After finding the line with "al Teatre Romà (anys 80)" in the entries below, retype exactly each line from there through the line with "5 Ogos 2023", including that final line.

__Provided information__.
=======

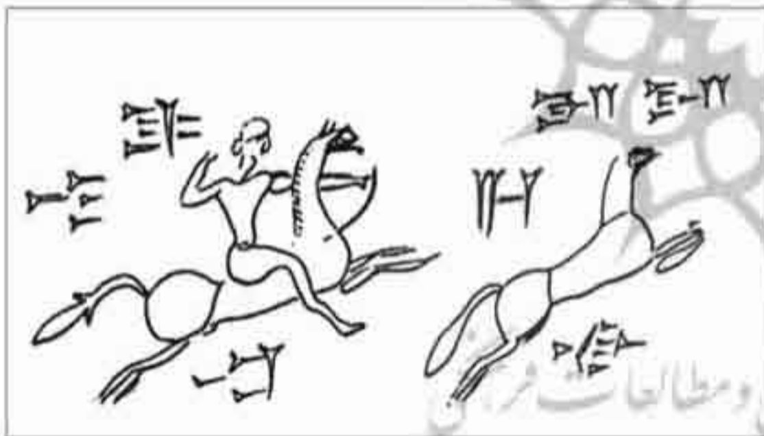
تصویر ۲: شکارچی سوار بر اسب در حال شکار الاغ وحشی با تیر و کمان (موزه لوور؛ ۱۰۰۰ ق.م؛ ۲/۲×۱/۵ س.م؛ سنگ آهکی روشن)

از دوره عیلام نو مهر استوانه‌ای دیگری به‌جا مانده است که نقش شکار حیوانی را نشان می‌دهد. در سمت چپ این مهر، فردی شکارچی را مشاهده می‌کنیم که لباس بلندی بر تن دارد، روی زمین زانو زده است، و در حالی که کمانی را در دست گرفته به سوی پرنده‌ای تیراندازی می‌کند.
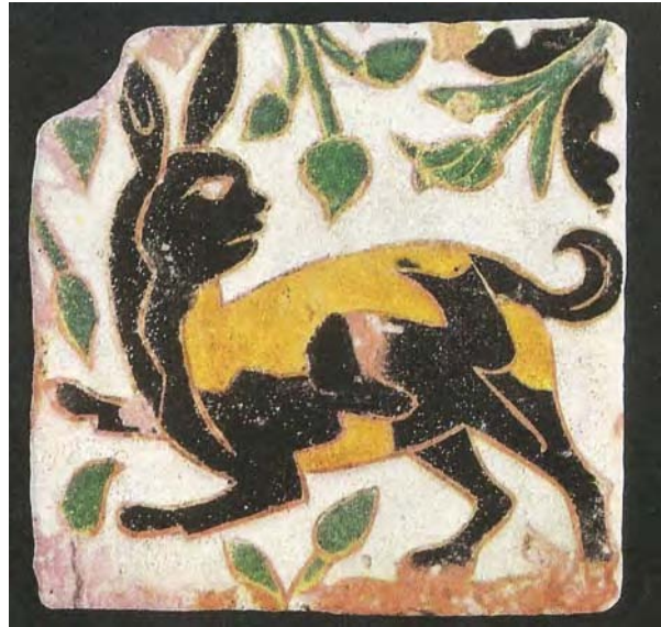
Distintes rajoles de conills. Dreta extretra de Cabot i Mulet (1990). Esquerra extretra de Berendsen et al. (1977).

=======

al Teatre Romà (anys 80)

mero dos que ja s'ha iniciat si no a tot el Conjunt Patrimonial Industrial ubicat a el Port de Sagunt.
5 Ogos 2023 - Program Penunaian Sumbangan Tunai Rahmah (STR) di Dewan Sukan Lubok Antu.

=======

__Task solution__.
al Teatre Romà (anys 80)

mero dos que ja s'ha iniciat si no a tot el Conjunt Patrimonial Industrial ubicat a el Port de Sagunt.
5 Ogos 2023 - Program Penunaian Sumbangan Tunai Rahmah (STR) di Dewan Sukan Lubok Antu.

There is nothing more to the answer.